Esse é o cenário institucional das concessões rodoviárias, no qual se percebe a necessidade de interação de várias instituições com distintas atribuições. Apesar de receber o auxílio da EPL, a ANTT continua a ser a responsável formal pelos estudos, bem como pela produção do edital de licitação e seus anexos.

A ANTT, quando da sua criação, recebeu apoio por parte do TCU que corroborou a prerrogativa legal para conduzir os certames licitatórios e realizar os estudos preparatórios dos processos de concessão rodoviária. Esse posicionamento está registrado no acórdão 2299/2005, que definiu a competência da ANTT, para conduzir os certames licitatórios para outorga e, portanto, ser representante do Poder Concedente. Esse foi o primeiro processo em que houve atuação da ANTT como condutora do processo licitatório e dos estudos de viabilidade.

O entendimento no Ministério de transportes era de que a condução do processo deveria ficar sob sua responsabilidade. É o que se depreende da leitura do relatório da equipe técnica nos seguintes itens:

24. A linha de raciocínio adotada pela Consultoria Jurídica é no sentido de que a União, por intermédio do Ministério dos Transportes, é que deveria atuar como poder concedente e que a faculdade de celebração de contratos de outorgas atribuída à ANTT, por meio da Lei nº 10.233/2001, constituir-se-ia em uma liberalidade do legislador.

25. Para fundamentar seu entendimento, a Consultoria Jurídica recorda que o art. 175 da Constituição Federal estabeleceu que ‘incumbe ao Poder Público, na forma da lei, diretamente ou sob regime de concessão ou permissão, sempre através de licitação, a prestação de serviços público’, e que, em decorrência dessa reserva legal, o inciso I do art. 2º da Lei nº 8.987/1995 estabelece como Poder Concedente a União, o Estado, o Distrito Federal ou o Município, em cuja competência se encontre o serviço.

Conclui, assim, que desse mandamento resulta o entendimento de que as autarquias não podem ser poder concedente.

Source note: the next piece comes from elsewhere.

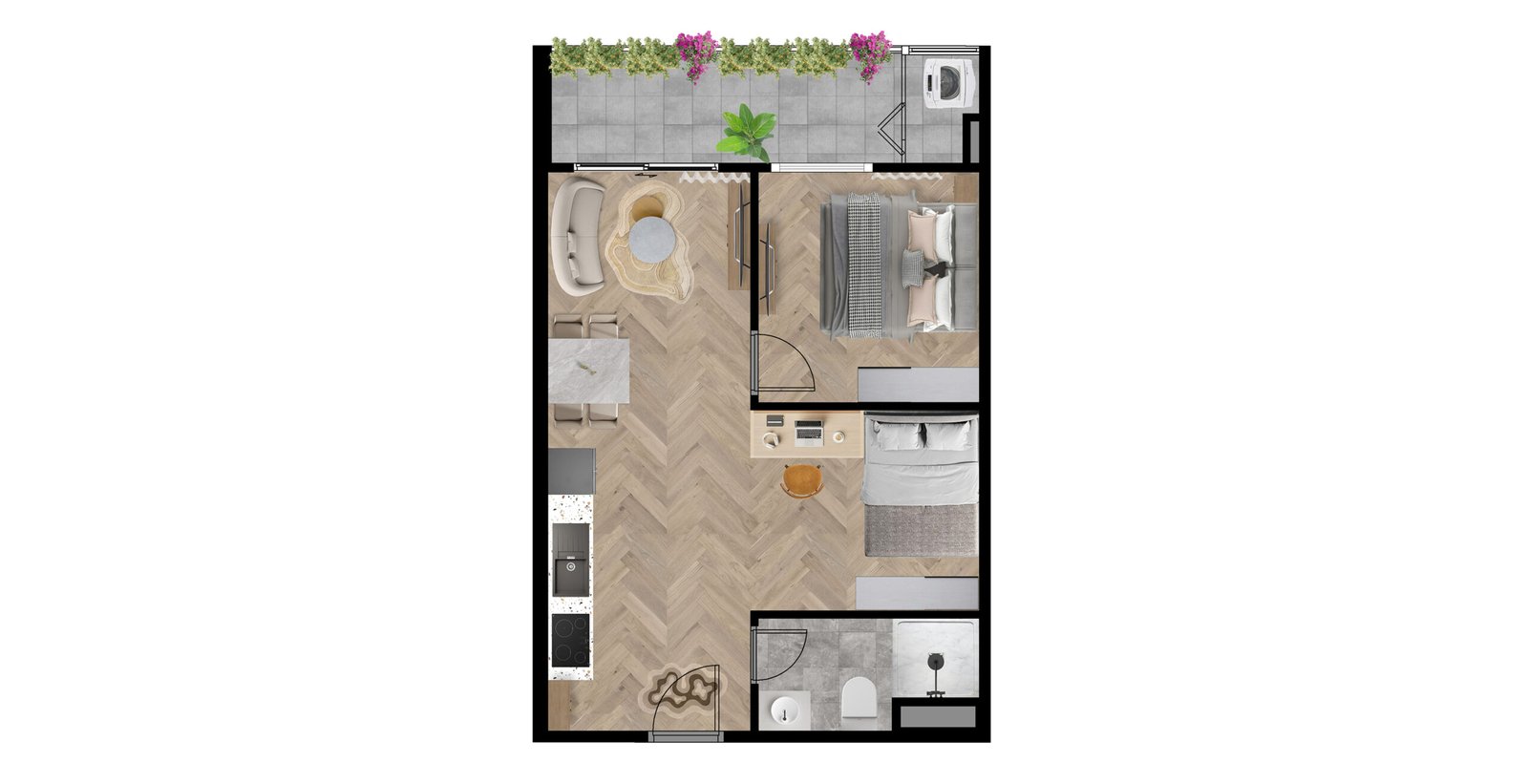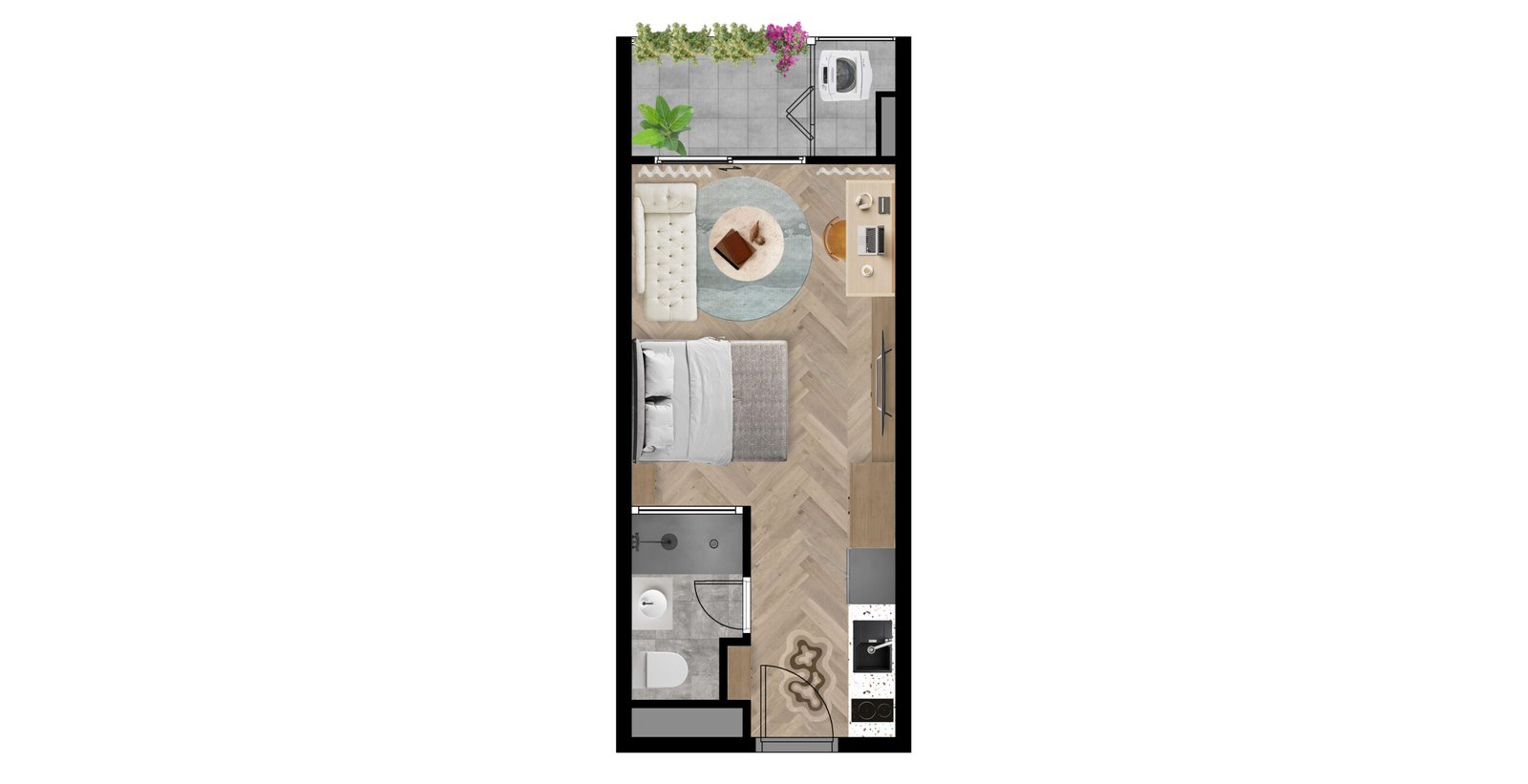 Thiết kế tối giản, không gian mở thông minh giúp tối đa hóa diện tích 32m². Tích hợp đầy đủ khu bếp, phòng khách, giường ngủ và logia thoáng sáng trong cùng một mặt bằng.

Tal argumentação não prosperou e o TCU deliberou pela possibilidade de que a ANTT represente o Poder Concedente e conduza os certames licitatórios. Tal posicionamento foi fundamental para fortalecer a ANTT, que, naquele momento, havia sido recém-criada, e teve o reconhecimento de sua competência na estruturação dos processos de concessão garantido pelo TCU, in verbis:

33. Portanto, diante do extenso rol de atribuições conferidas pela Lei nº 10.233/2001 à ANTT, envolvendo a elaboração do plano de outorgas, do disciplinamento das licitações, da elaboração dos editais de licitação, publicação dos editais, julgamento da licitação, edição dos atos de outorga e assinatura dos contratos de concessão, não restam dúvidas quanto à competência legal da ANTT para, em nome da União, atuar como poder concedente. Nesse contexto, a ela cabe elaborar os estudos de viabilidade e conduzir os processos licitatórios em andamento e futuros.

34. Donde se concluir que a Lei nº 10.233/2001 não contém liberalidades para com a ANTT, como afirmado pela Conjur/MT. Ademais, não é válido o argumento trazido pela Conjur/MT de que competências atribuídas ao Departamento de Outorgas, por meio do Decreto nº 4.721/2003, revogam as estabelecidas para a ANTT pela Lei nº 10.233/2001.

35. A atuação do Ministério dos Transportes, entretanto, não perde relevância haja vista a atribuição precípua de aprovar os planos de outorgas elaborados pela ANTT e, no caso dos processos de desestatização que se analisa, atuar como Gestor, como

determinado pelo art. 3º do Decreto nº 2.444/1997 (fls. 251/252).

A conclusão da equipe técnica referendada pelo Ministro Relator Augusto Nardes é enfática ao garantir à ANTT a prerrogativa de conduzir o processo licitatório e a realização dos estudos preparatórios. Asseverando que: “a ANTT é legalmente competente para desenvolver os estudos de viabilidade, conduzir os procedimentos licitatórios para outorga de concessões de rodovias federais e firmar, em nome da União, os correspondentes contratos de concessão”.